Arkansas Mumps Cases Lead Nation, Raise Questions About Vaccine Immunity

Jan 17, 2017
Originally published on January 24, 2017 4:52 pm

Springdale resident Melisa Laelan caught the mumps last November from her kids even though she and her children were vaccinated. Her case is not unusual, one of 2,421 in Arkansas. What is unusual is that nearly half of all cases nationwide are in Arkansas.

“It was miserable,” she says. “I experienced severe pain on the side of my neck. You can’t swallow anything because if you do it hurts.”

The inflammation in her salivary glands caused her jaw to swell. She had fever and aches. The illness lasted ten days. 

“This is an epidemic,” says Dr. Dirk Haselow, state epidemiologist with the Arkansas Department of Health. “Our normal case count is 3 or 4 a year. And a majority of our cases are among the Marshallese.”

Between 8,000-12,000 Marshallese migrants have settled in Northwest Arkansas: better employment and educational opportunities. Melissa Laelan is Marshallese. She serves on the Arkansas Minority Health Commission; she's also a court interpreter and local civic leader.

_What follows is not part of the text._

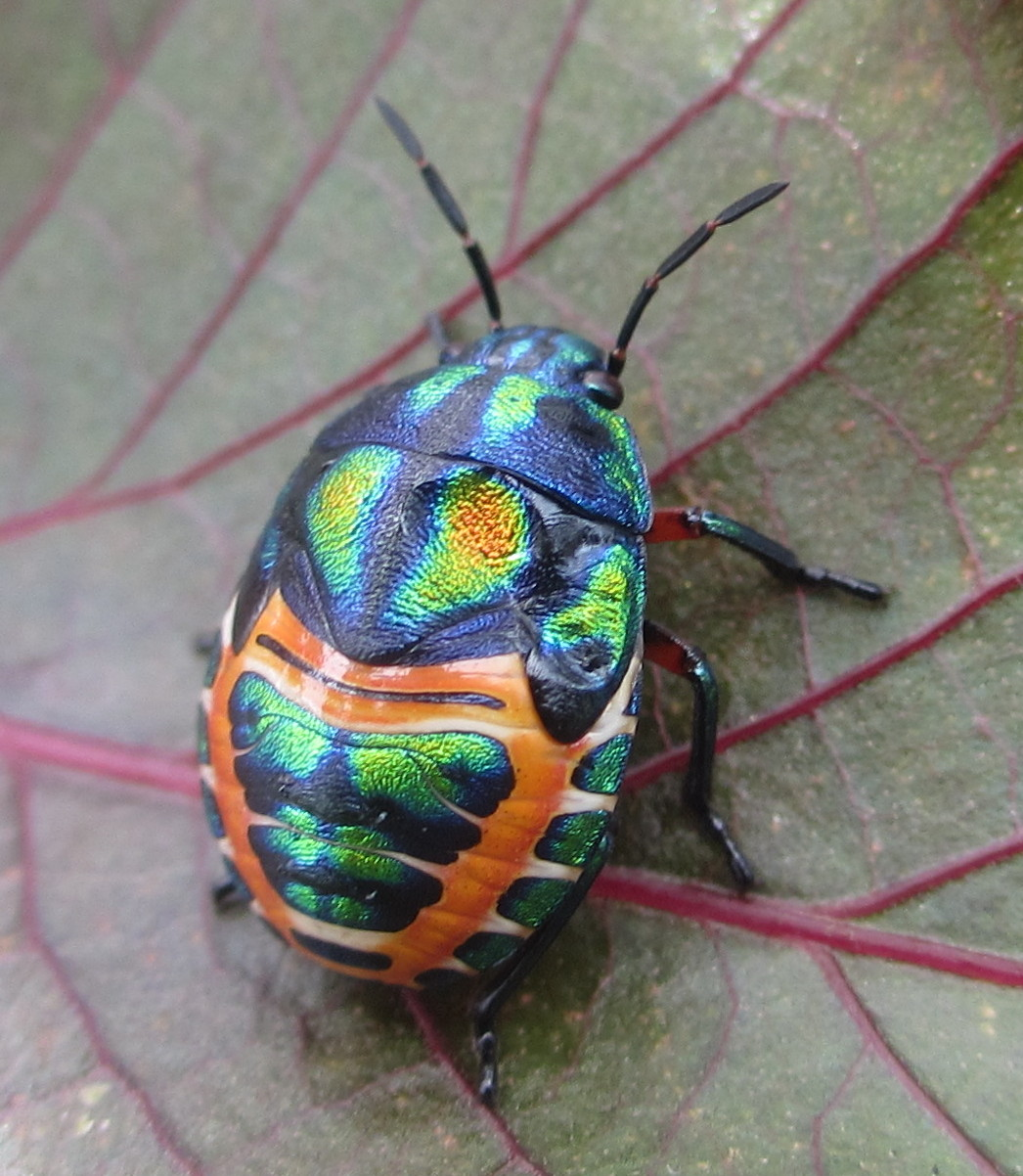 Calidea dregii (family: Scutelleridae, Hemiptera) on a leaf of Jatropha gossypiifolia. Pemba, Mozambique.

She was a U.S. soldier for more than a decade.

“So I was updated on all my shots," she says, "including the mumps, so I still got it. So the question is why?”

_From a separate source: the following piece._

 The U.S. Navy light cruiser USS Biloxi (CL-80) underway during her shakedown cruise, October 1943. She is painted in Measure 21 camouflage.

Public health officials won't give a reason for the Arkansas outbreak, which has spread to the central part of the state. It's still officially under investigation, but the Arkansas Department of Health has ruled out resistant mumps strains, leaving the specter of vaccine immunity.

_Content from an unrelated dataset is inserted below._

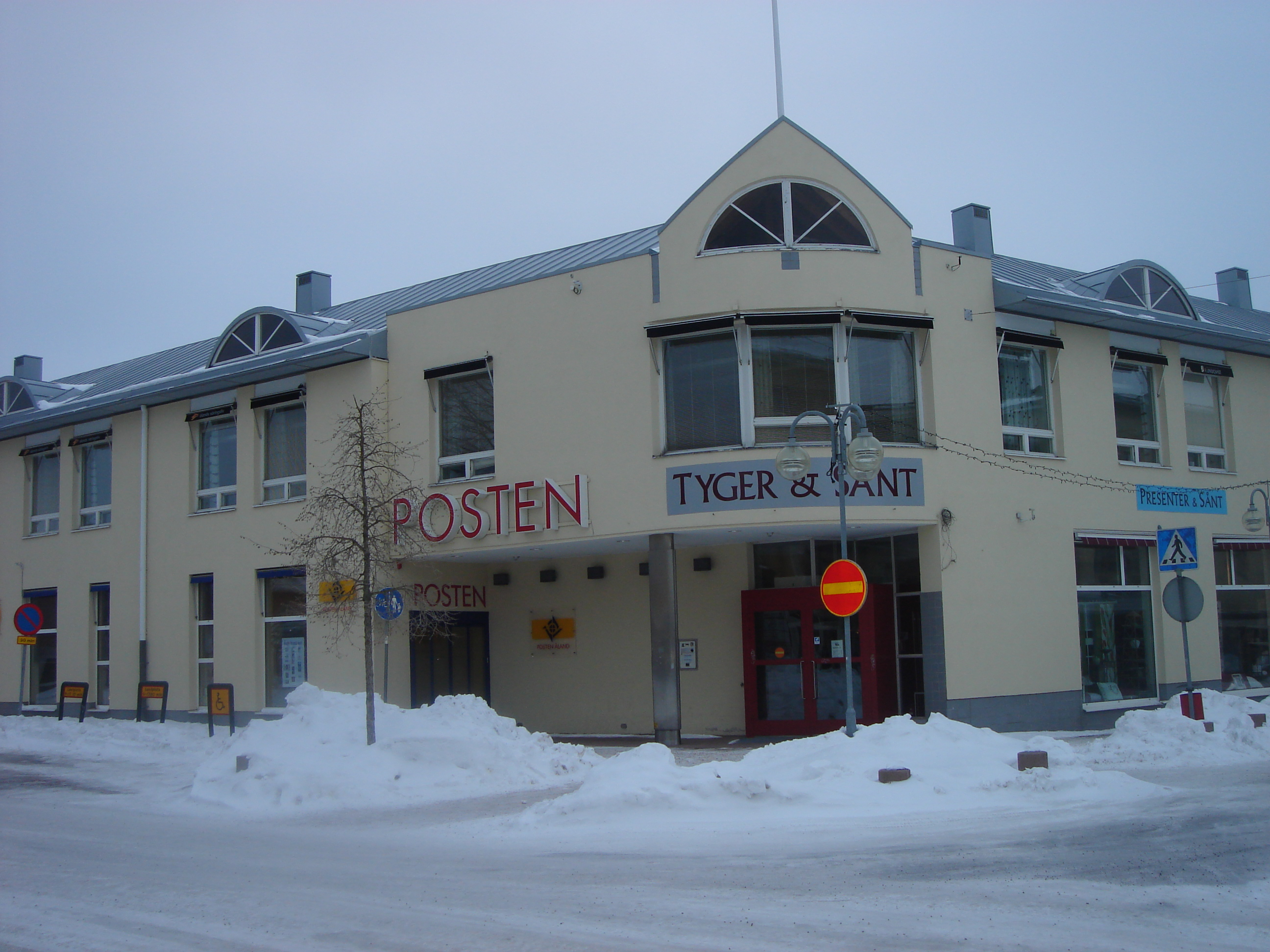 Post office in Mariehamn, Åland, Finland

“What we’ve learned from this outbreak is that immunity from the mumps component of the MMR [Measles-Mumps-Rubella] vaccine is temporary,” says Dr. Dirk Haselow. “There appears to be vaccination waning of protection over 5-10 years. So people who are vaccinated as a child are unlikely as adults to be fully protected, especially if intensely exposed to mumps.”

And that would account for high mumps rate among the Marshallese. Intergenerational living in close quarters is a characteristic of Pacific Islander families. Unfortunately, it's conducive to the virality of mumps, which is spread through sneezing, coughing, sharing of utensils--and kissing. 

The U.S. Centers for Disease Control and Prevention also stipulates that the two-dose mumps vaccine protect only 88 percent of the population exposed to the virus.

Sixty-five percent of mumps cases in Arkansas involve children. Ninety-one percent had received their first innoculation as toddlers and their second early in grade school.

“We don’t think that recommendations for MMR vaccination need to be changed,” Haselow says. “But we need to consider whether the length of immunity from the MMR vaccine is shorter than we previously thought, and if there are specific population groups that need different recommendations.”

The first mumps vaccine was licensed in 1967. Forty years later, the disease had all but disappeared. The first major outbreak in modern history occurred 10 years ago in New York. Late last spring, a number of U.S. university campuses reported small outbreaks.  Today, seven states are reporting cases, from Illinois to Texas, although the rates elsewhere are far lower than Arkansas's.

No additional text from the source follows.